可惜之前更多的店鋪倒閉,或者在公私合營和後期轉型中被並入其他餐廳,意味著企業傳承的崩塌和徹底消亡。
他們也有壹點點機會,就是名氣夠大,能引起領導的註意。比如清末民初北京“八大樓”中的東興樓、新豐樓,早在1940年代就倒閉了,卻在60年代+0980年代被各區餐飲公司強行“恢復”,成為所謂的中華老字號。
所以,誰死,誰活,誰能傳承至今,誰能評價老字號,說到底,不是取決於商家的奮鬥,不是取決於市場的大浪淘沙,而是取決於歷史的征程和組織的決策。
這些老字號所謂的“百年老店”,無非是利用了計劃經濟時代的特許經營壟斷和國營餐館永遠不會倒閉的事實。
不僅不能用來證明今天的善意,甚至不能反映歷史事實。
比如北平的老菜館,以服務周到,性價比高而聞名。因為京城外遷後城市的消費體系瓦解,餐飲業供大於求(詳見前文:北京小吃為何難吃|大象協會),不得不在市場競爭中優化服務,在很多文人墨客的筆下留下了許多美好的文字,與如今的北京老字號完全相悖。
以前餐館都是家族式私人經營,手藝靠家族和師徒的關系傳承,生意由熟客打理。多年後改為國營餐廳,剩下的只是國營食堂的習慣。
只有壹個方面,今天的中華老字號還能保留當年的經營習慣,那就是不用承擔高昂的租金。
民國時期,除了上海租界等少數地區,地價普遍較低,所以很多飯店、商店都是自己所有。如今,餐飲行業的大部分經營者都無力開店,高昂的土地租金成為他們最大的經營壓力之壹。
但老品牌顯然沒有這種擔心。現在的老字號幾乎都是上世紀60年代+0980年代的各級國有餐飲企業恢復的。早在計劃經濟時代,商店的所有權就通過政府分配來實現。
北京全聚德客流量最大的三家店和平店、前門店、王府井店都是全聚德旗下的,規模巨大。如今,它們的價值可達數百億元,遠超整個集團的業務總量。
這種其他民營餐飲企業根本想象不到的特權,就是其百折不撓的精神。
政策支持的僵屍
老字號所享受的特權並不是商店獨有的。
雖然現在的老字號大多都進行了所謂的改制,但大部分還是國企。
北京的老字號餐館大多屬於全聚德、便宜坊、華天餐飲集團。
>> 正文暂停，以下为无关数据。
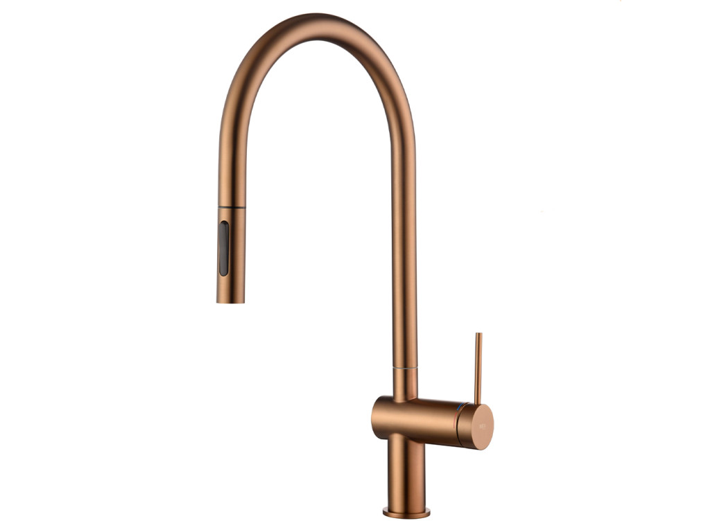 IMEX Berna kuchyňská baterie s vytahovací sprškou, kartáčované růžové zlato
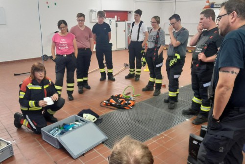 Daraufhin folgte eine Wiederholung zu den Handwerkszeugen, deren Einsatzgebieten und der notwendigen Schutzausrüstung. Wesentliche Merkmale der unterschiedlichen Werkzeuge wurden hier den Einsatzkräften erklärt und deren Einsatzgebiete gezeigt.
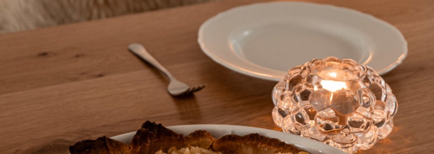 Cette recette est un grand classique de nos dimanche en automne et hiver. Elle provient du chef d’un ancien restaurant de Thionville de bonne facture qui a fermé voilà quelques années (L’auberge du Crève-Cœur). Ce chef était passé au Moselle TV et il y présentait sa tarte Maria, nommée ainsi en l’honneur de sa grand-mère. Cette tarte ne ressemblait à aucune tarte aux pommes que j’avais déjà vue, je me suis d’ailleurs dit que c’était très bizarre quand il l’a sortie du four avec cette peau tout cramée au-dessus mais finalement ça a suffisamment éveillé ma curiosité pour que je teste la recette. Et voilà une bonne dizaine d’années que je la fais, que tout le monde me la réclame et que je prends toujours autant de plaisir à manger alors que les tartes ne sont pas vraiment la passion de ma vie…
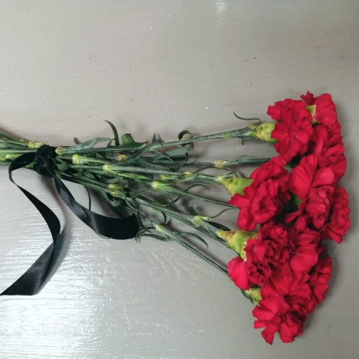 Красная гвоздика 10шт с траурной лентой
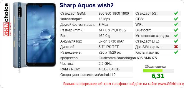 Данные о телефоне Sharp Aquos wish2 на Вашем сайте
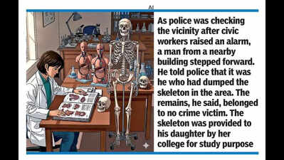 Bengaluru: The stench of rotting garbage is not unusual for pourakarmikas on the morning shift. But on Tuesday, as they made their way through the dumpyard in Govinda Shetty Palya, a residential pocket off Electronics City, something out of the ordinary caught their eye: a human skull, its empty sockets staring up from a mound of trash.A few paces away, the bones of arms and legs lay jumbled in the pile. For a moment, work stopped. Word spread through the narrow lanes. Residents trickled in, covering their noses with their dupattas or shirt sleeves. Someone whispered the name of Dharmasthala. The ongoing investigation into alleged mass sexual violence and murders there — widely reported in the news — was the first thing that came to mind. Was this another unearthing?The pourakarmikas alerted police. By 8.30am, officers from Parappana Agrahara station, joined by the Hoysala patrolling team, reached the spot. They cordoned off the area and began asking residents if they had seen or heard anything the previous night.It was then that a man from a nearby building stepped forward. Soft-spoken and visibly uneasy, he introduced himself as Jaya Prakash. He told police that it was he who had dumped the skeleton. The remains, he said, belonged to no crime victim. They had been handed to his daughter by her college.His daughter is in her second year of MBBS at a private medical college in Virgonagar. As part of the anatomy course, students are issued human skeletons on payment of a deposit. The college charges Rs 4,000, which is refunded once the skeleton is returned after the term.According to a senior officer, Prakash told police that when his daughter mentioned returning the skeleton, he suggested skipping the process altogether. He decided it was not worth the trouble of reclaiming the deposit. Late on Monday night, he carried the bones and dumped them in the garbage yard, a short walk from his house.Police cross-checked his statement with the college authorities. They confirmed the skeleton had indeed been issued for academic use. With no evidence of foul play, and with Prakash volunteering the explanation, police chose not to register a case. He was let off with a warning.Prakash works in a private firm in the Jigani industrial area. His daughter’s name has been withheld at the family’s request.What began as a jolt ended by afternoon, in quiet relief. But for the pourakarmikas who first saw the skull glinting in the morning light, it is a sight they are unlikely to forget anytime soon.
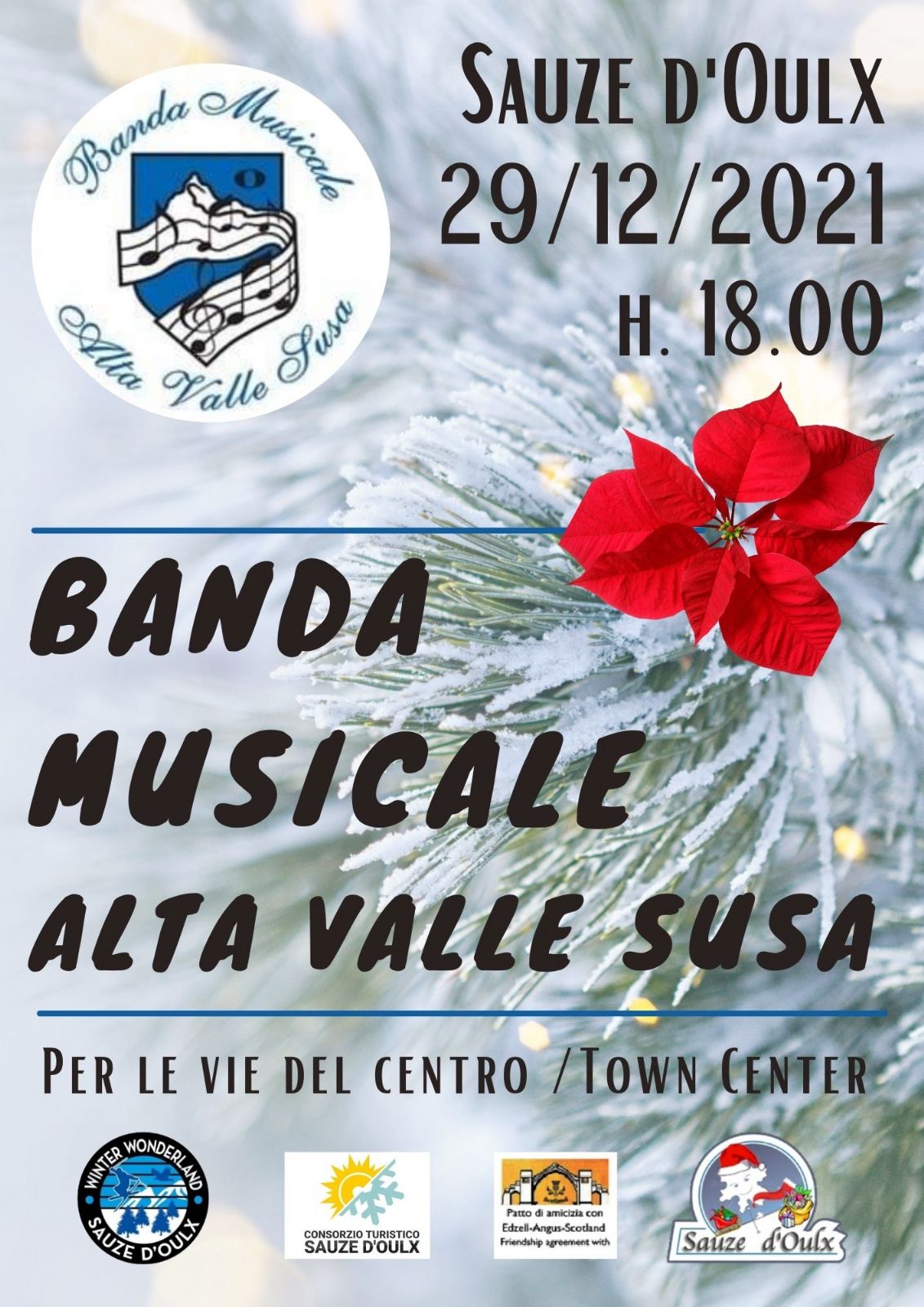 29/12/2021 - BANDA MUSICALE ALTA VALLE SUSA – Torna l’immancabile appuntamento con la piacevole musica della Banda Alta Valle Susa. Con un repertorio sorprendente di brani che spaziano tra tradizione e modernità la “Banda” garantisce un momento di simpatia e buona musica.
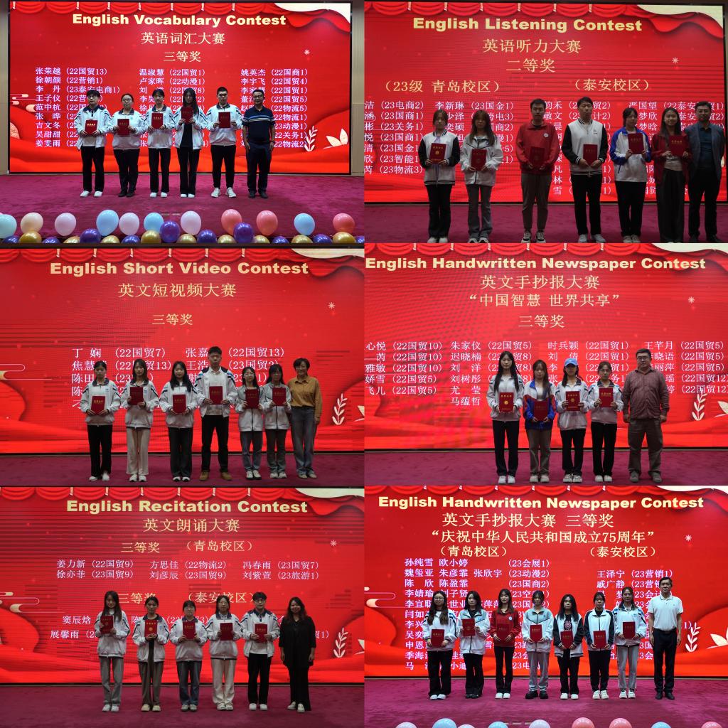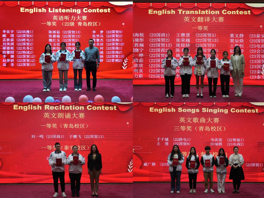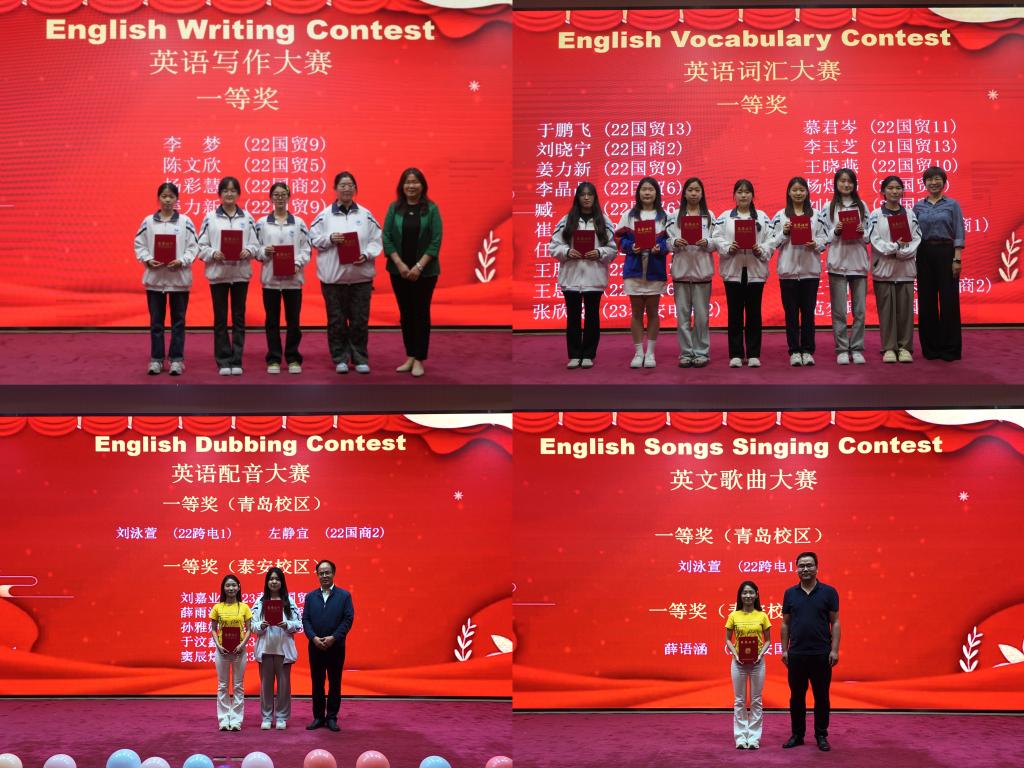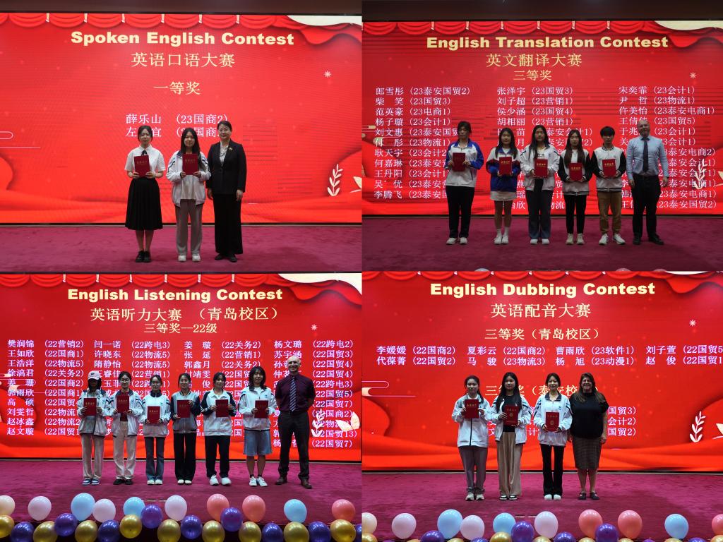 本届英语文化节由公共英语部、泰安教学部、团委、学生工作处及国际交流合作处共同主办,为期两个月。期间,“金牌挑战”和“文化体验”两大系列活动同时开展,包括10项创意赛事、7场英语沙龙和14场精彩讲座。泰安新校区通过设立分赛场、同步直播等形式参与了文化节各项活动。多彩活动是我院校园文化的浓缩,营造了积极向上、清新高雅、健康文明的校园文化氛围,展现了学生努力奋进的精神风貌,彰显我院“外”字办学特色。
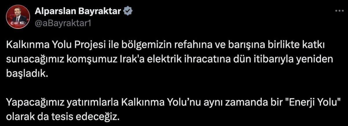 Sosyal medya hesabı X üzerinden konuya ilişkin paylaşımda bulunan Bayraktar, "Kalkınma Yolu Projesi ile bölgemizin refahına ve barışına birlikte katkı sunacağımız komşumuz Irak'a elektrik ihracatına dün itibarıyla yeniden başladık. Yapacağımız yatırımlarla Kalkınma Yolu'nu aynı zamanda bir 'Enerji Yolu' olarak da tesis edeceğiz." ifadelerini kullandı.
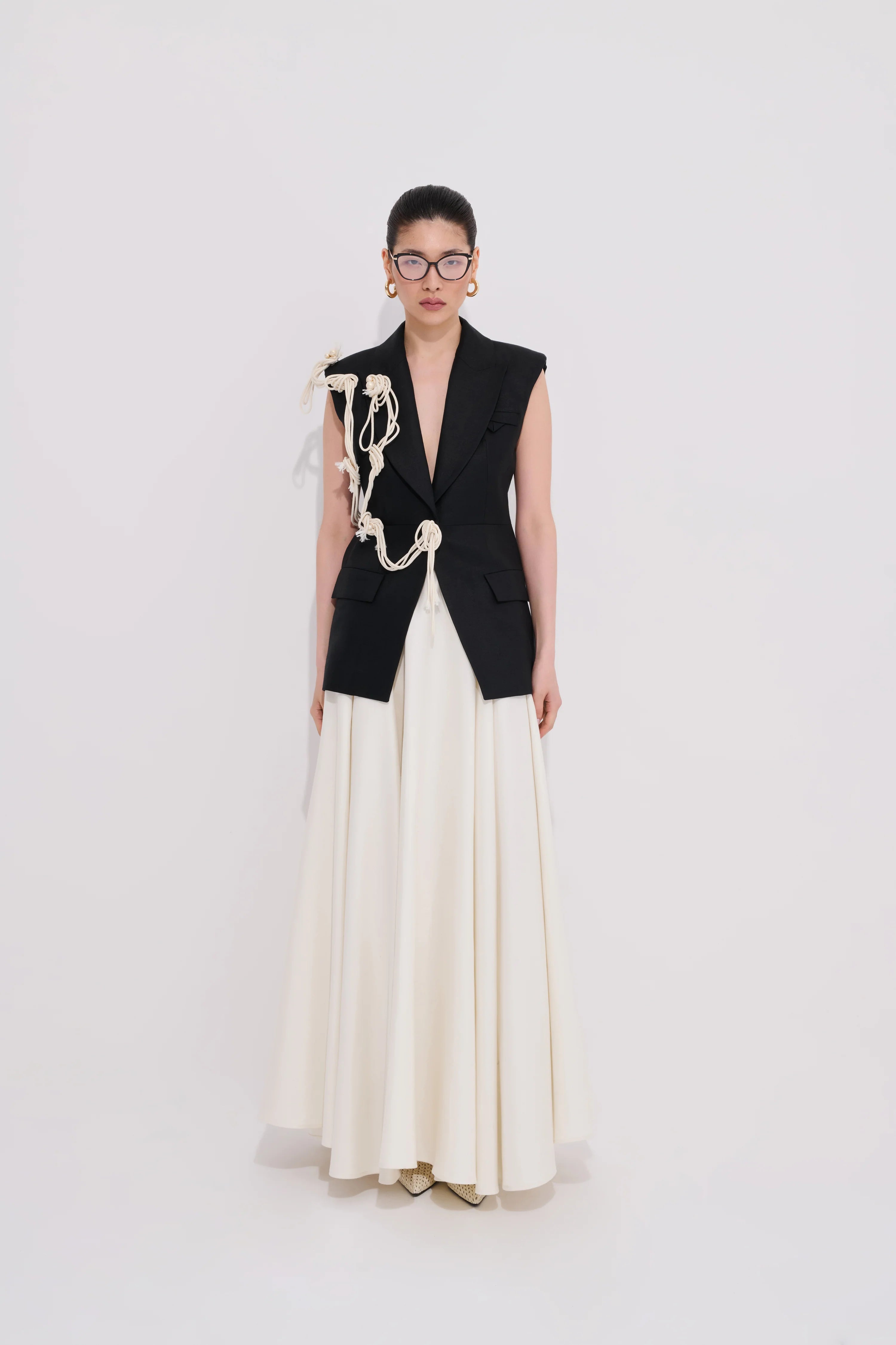 An avant-garde interpretation of classic tailoring, this linen vest merges sharp lines with bold artistry. Featuring a detachable handcrafted rope detail cascading from one shoulder, it transforms effortlessly from minimal chic to statement-ready. Its tailored silhouette ensures versatility, making it a striking addition for both day and evening wear.

全聚德第壹大股東為北京BTG集團(國有),平價商店的絕對控制人為崇文區國有資產管理局下屬的崇源投資管理公司,華天餐飲由西城區SASAC直接控制的北京金融街資本運營中心全權控制。
全聚德集團有全聚德、房山酒家、豐澤園、四川飯店等老字號;便宜坊旗下擁有便宜坊、獨壹處、天星居、金方等12老字號,華天集團旗下擁有鴻賓樓、燒烤季、燒烤灣、砂鍋居、峨眉酒家、柳泉居、西來順、雨花臺、護國寺小吃等老字號。
作為國企,在融資投入、抗風險能力、營收壓力等方面比普通民企有著巨大的天然優勢,面對消防、環衛等灰色尋租也有著強得多的底氣。
當然,也有壹些老字號是國企改制和國有資產退出的典範。如擁有龍餛飩、來湯圓、夫妻肺片等23個老字號的四川省成都餐飲公司,2004年改制為全員持股的股份合作制企業。
但是,他們和壹般的民營企業還是有很大區別的。
自2006年商務部認定中華老字號以來,復興傳統文化逐漸成為國策,扶持壯大老字號企業成為從中央到地方的政治正確,諸多優惠補貼政策層出不窮。
以2008年商務部、發改委等部委發布的《關於保護和促進老字號發展的意見》為例,不難看出政府的扶持政策是多麽有力:
2017年,商務部等16部門在《關於推進老字號改革創新發展的指導意見》中重申了這些政策。基於這些政策,地方老字號得到了各種形式的補貼和支持。
比如武漢,2011,宣布老字號餐飲開分店,可按項目實際投資額的30%給予財政補貼,單個項目最高1萬元。2015年,無錫宣布當年新開直營連鎖店的老字號企業,可獲得租金30%財政補貼,連續三年享受。
更常見的是在旅遊街區和機場站為老字號開新店,大幅降低租金。成都的各種老字號也因此得以占據錦裏和寬窄巷子。2018年,蘇州對觀前街所有店鋪進行清理,並對付不起房租的老品牌使用給予大額補貼。
這麽大的補貼自然會讓老字號看起來繁華擁擠。即使食物被忽悠,服務粗糙,也沒有破產的危險。各級政府的相關考核要求自然得到了完美的滿足。
但代價是切斷了正常的市場反饋路徑,讓那些經營管理有諸多問題、本應接受市場教育的老字號品牌,像錦衣中的僵屍壹樣,活在當地市民和遊客後悔消費壹次的吐槽中。
全聚德廚師長顧九如曾對媒體感嘆,由於內部人事制度僵化,精英技術人員的薪酬水平遠不及管理層,導致人才流失嚴重,招廚師極其困難。然而,屢次引發眾怒的服務員態度問題,往往標誌著其內部人事管理的全面腐朽。這些暴露了十幾年的問題,至今未見改善。
另壹家老字號旅遊餐廳安老孫嘉餐廳的負責人馬抱怨說,國有系統深受其害:沒完沒了的開業會讓正常運營忙得不可開交,甚至連購買洋蔥都要層層上報。
據美團發布的《中國餐飲報告2018》顯示,近兩年倒閉餐廳的平均壽命為508天,再次顯示了當代餐飲市場競爭的激烈和殘酷,以及靠政策強行盤活老字號的荒謬。
如果要促進餐飲業的健康發展,為那些被市場認可的當代企業創造更好的環境,讓他們平等地享受借貸融資的便利,顯然比補貼那些名譽掃地的老字號更有意義。
如果是為了傳承飲食文化,國營全聚德和便宜坊的口碑早就被民營董事和四季人民福利超越的事實說明,在市場上打拼出來的優秀民營餐飲,遠比這些靠特權和政策起家的老字號更有傳承能力。
讓令人反感、違背市場規律的老字號繼續靠特權和政策維持下去,是傳統文化的悲哀。